**Aim of the task**
The response should be an exact transcription of the data below, free of images.

**Dataset section**
------------------------------------

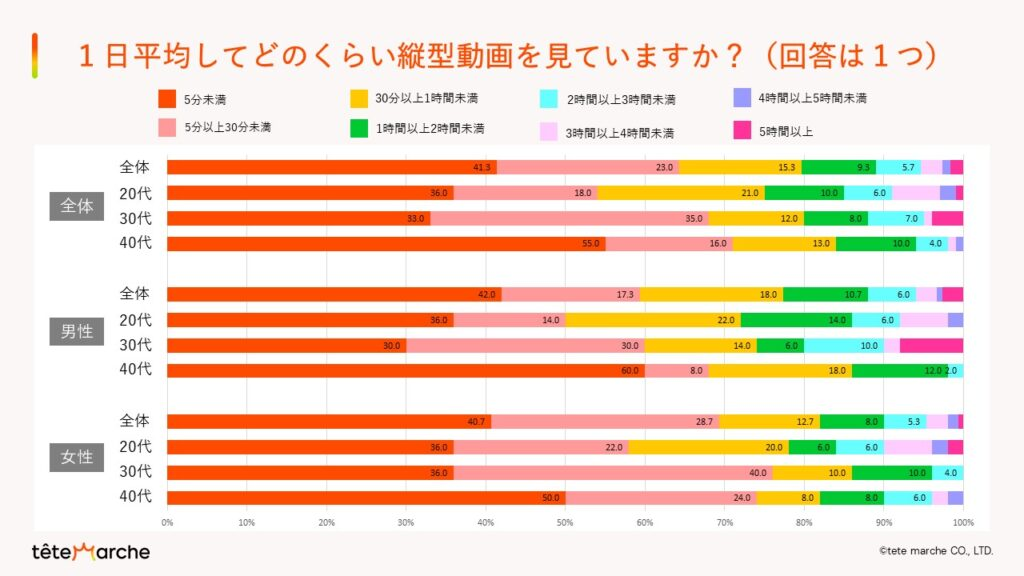 【5分未満】の回答が41.3%で1位、【5分以上30分未満】が23.0%で2位、【30分以上1時間未満】が15.3%で3位という結果になりました。また、【1時間以上】を選択した結果を合わせると20.3%で、特に20代女性と30代男性は【3時間以上】が10%となり、長時間視聴しているユーザーが多く、縦長動画が注目されている結果となりました。
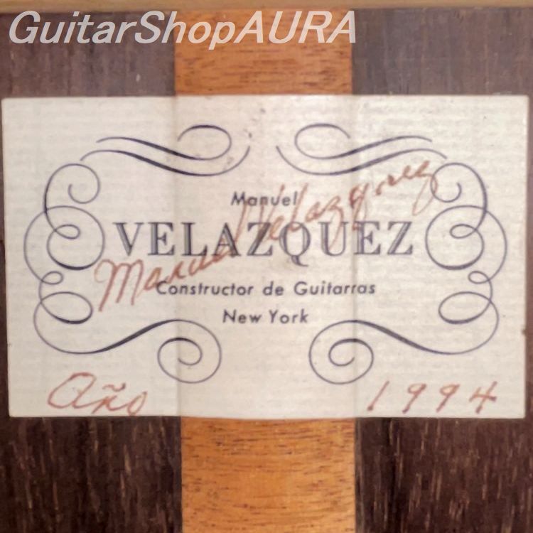 [製作家情報] マヌエル・ベラスケス Manuel Velazquez(1917~2014) 1917年プエルトリコ生まれ。母方の祖父母はスペイン人で、名工サントス・エルナンデスの縁戚にあたります。農業に従事する家系に生まれながらも彼は家具職人として修業を始め、同時にギターも製作するようになります。16歳で最初のギターを製作し、その頃に製作したギターの完成度の高さに感銘を受けた地元のある音楽家からニューヨーク行きを勧められ、1941年移住。第二次大戦の時期には造船所で木工に携わります。地道に製作を続けていた彼のギターは1940年代後半から地元の名演奏家たちに愛用されるようになり、その後はアンドレス・セゴビアが彼のギターを称賛するなど、瞬く間に名声を獲得してゆきます。1972年にプエルトリコに戻りそこで工房を設立、1982年には再びアメリカに戻りヴァージニア州で9年間過ごした後、フロリダに移り製作を続けます。この頃から息子のアルフレッドも製作に参加するようになり、2014年にマヌエルが亡くなった後は彼が工房を引き継いでいます。
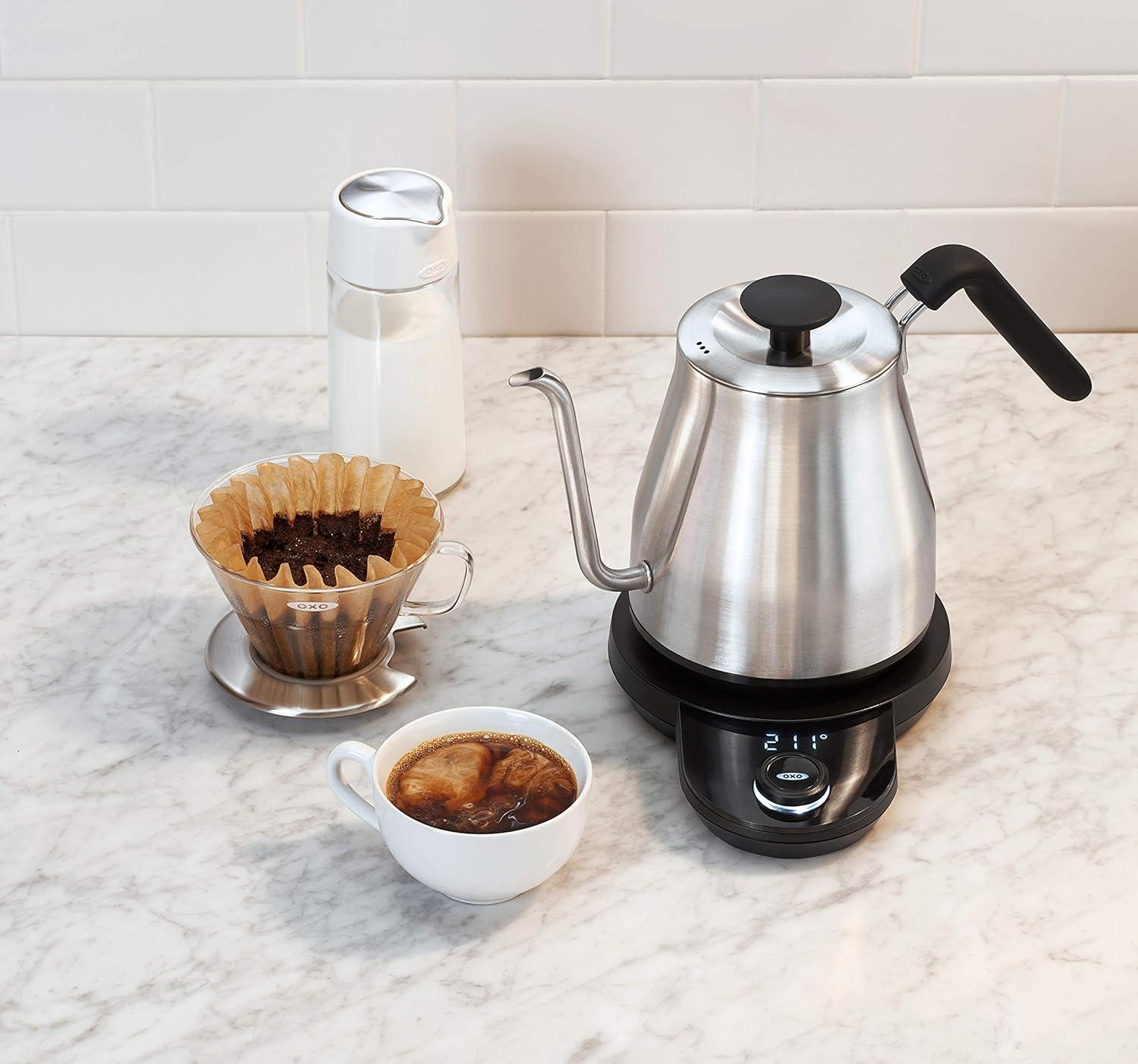 OXO Brew Gooseneck Electric Kettle – Hot Water Kettle, Pour Over Coffee & Tea Kettle, Adjustable Temperature, Built-In Brew Timer, Stainless Steel, 1L

------------------------------------

**Answer box**
 【5分未満】の回答が41.3%で1位、【5分以上30分未満】が23.0%で2位、【30分以上1時間未満】が15.3%で3位という結果になりました。また、【1時間以上】を選択した結果を合わせると20.3%で、特に20代女性と30代男性は【3時間以上】が10%となり、長時間視聴しているユーザーが多く、縦長動画が注目されている結果となりました。
 [製作家情報] マヌエル・ベラスケス Manuel Velazquez(1917~2014) 1917年プエルトリコ生まれ。母方の祖父母はスペイン人で、名工サントス・エルナンデスの縁戚にあたります。農業に従事する家系に生まれながらも彼は家具職人として修業を始め、同時にギターも製作するようになります。16歳で最初のギターを製作し、その頃に製作したギターの完成度の高さに感銘を受けた地元のある音楽家からニューヨーク行きを勧められ、1941年移住。第二次大戦の時期には造船所で木工に携わります。地道に製作を続けていた彼のギターは1940年代後半から地元の名演奏家たちに愛用されるようになり、その後はアンドレス・セゴビアが彼のギターを称賛するなど、瞬く間に名声を獲得してゆきます。1972年にプエルトリコに戻りそこで工房を設立、1982年には再びアメリカに戻りヴァージニア州で9年間過ごした後、フロリダに移り製作を続けます。この頃から息子のアルフレッドも製作に参加するようになり、2014年にマヌエルが亡くなった後は彼が工房を引き継いでいます。
 OXO Brew Gooseneck Electric Kettle – Hot Water Kettle, Pour Over Coffee & Tea Kettle, Adjustable Temperature, Built-In Brew Timer, Stainless Steel, 1L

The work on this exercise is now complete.